Other conclusions from Numerator:

•  "More than half (54%) only considered Amazon for their purchase. A quarter (25%) considered Walmart/, 20% considered Target/, 9% considered Club retailers, and 7% considered Best Buy/Best, Grocery retailers, or Department stores."

•  "Three-quarters (78%) of Prime Day buyers didn't compare Amazon prices with any other website or store, and nearly 3 in 5 Prime Day shoppers (59%) only made purchases from Amazon on Prime Day."

•  "The average Prime Day 2021 spend per order is $47.14 (down from $54.64 on Prime Day 2020 and $58.91 on Prime Day 2019). So far, 44% of orders were placed for $20 or less, and nearly a quarter (24%) were for more than $100."

•  "Nearly half (45%) of households shopping Prime Day have already placed 2+ orders, and 6% placed 5+ orders within the first 32 hours of Prime Day."

•  "The average household spend is approximately $92, with 1 in 10 households (11%) spending more than $200."

•  "The top five items sold on Prime Day so far are all Amazon branded: Amazon Photos Project, Amazon Gift Card Reload, Amazon Fire TV Stick, Echo Dot 4th Generation, and Amazon Fire Tablet."

•  "The typical observed Prime Day shopper is a high income, suburban female, age 35-44."

•  "More than 9 in 10 Prime Day shoppers (98%) said they were Amazon Prime members.
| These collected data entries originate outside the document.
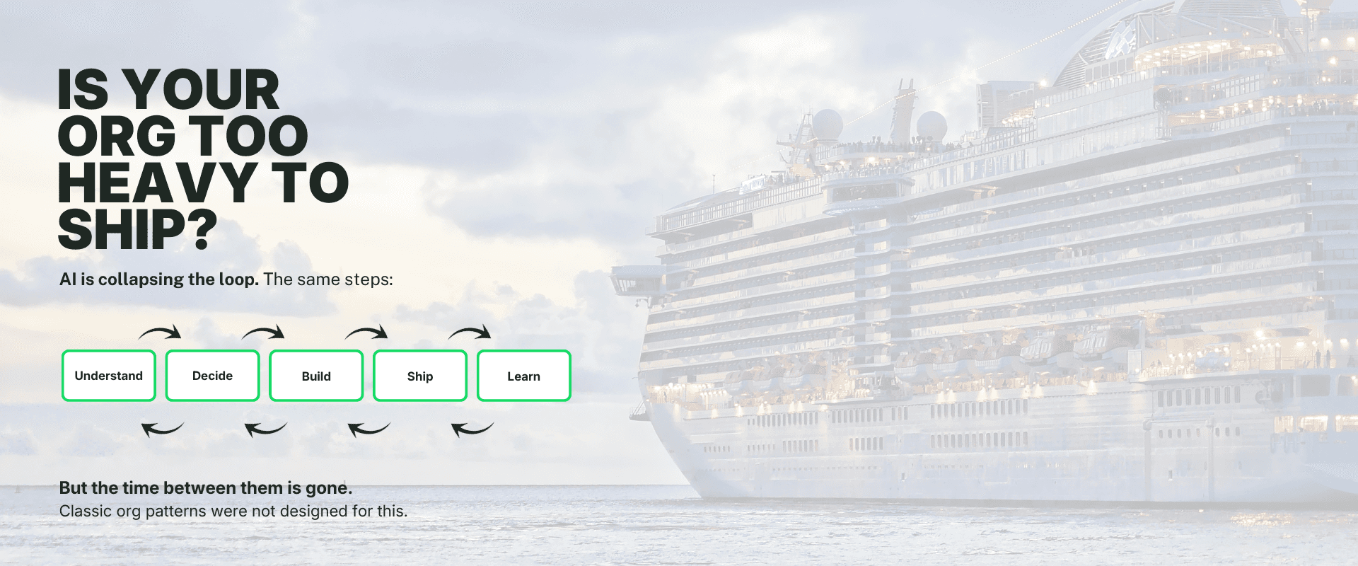 That shift makes some classic structures feel heavier than they need to be. In some contexts, you can ship a thin slice, learn from reality, and iterate faster than you can “perfect” your way through weeks of artifacts, handoffs, and alignment. This doesn’t mean every company should shrink or abandon rigor. Context is still king. But it does mean we need to be honest about what’s actually slowing us down and whether we’re about to scale the wrong thing.
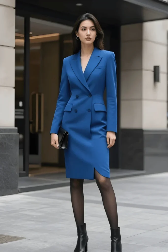 For early spring office outfits 2026 when temperatures still warrant some coverage, this cobalt blue blazer dress offers the perfect solution. The double-breasted design with structured shoulders creates a powerful silhouette, while the knee-length hem maintains workplace appropriateness.
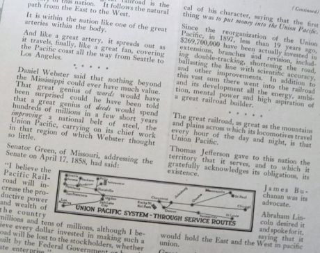 Tagline or sample ad copy: The Union Pacific is one of the great industrial triumphs of republican government, the result of individual initiative, combined with wise government interest and cooperation.

The majority (83%) had joined Prime pre-COVID (before March 1, 2020), and 10% said they joined Prime after the start of the pandemic.  2% of these new pandemic Prime members joined yesterday during Prime Day 2021, down slightly from the 3% who joined on Prime Day 2020, and 8% who joined during Prime Day 2019."
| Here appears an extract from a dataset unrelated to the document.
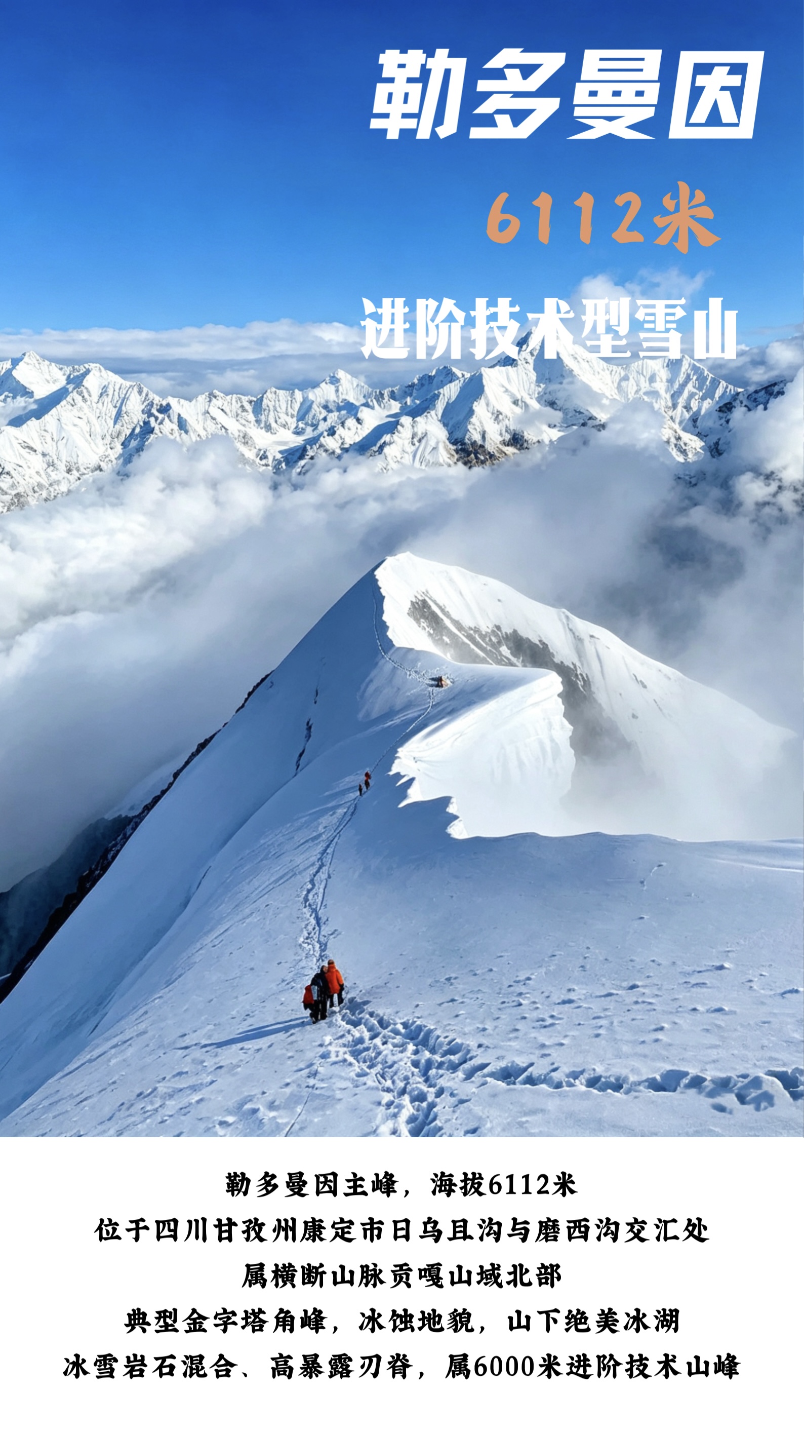 勒多曼因,主峰海拔6112米,位于四川省甘孜州康定县日乌且沟与磨西沟交汇处,属横断山脉贡嘎山域北部,是四川贡嘎山区一座极具代表性的6000米级技术型雪山。其山体为典型的金字塔形角峰,由冰川侵蚀而成,拥有壮观的大型海洋性冰川——勒多曼因冰川,北壁如银色瀑布倾泻而下,同时还孕育了海拔4600米的勒多曼因海子,景观绝美。

•  "Half of Prime Day shoppers (50%) said they bought items included in Prime Day deals, and nearly a quarter (24%) said they bought the same items they usually buy on Amazon."

KC's View:

It has been extraordinary how many Prime Day promotions I've gotten in my email over the past few days … almost none of them from Amazon, but rather from other retailers looking to get in on the action.

Amazon is the most dangerous kind of alternative format, changing not just shoppers' behavior but how they fundamentally think about shopping.  It is like we're all some version of Pavlov's dog … the bell rings, and we shop.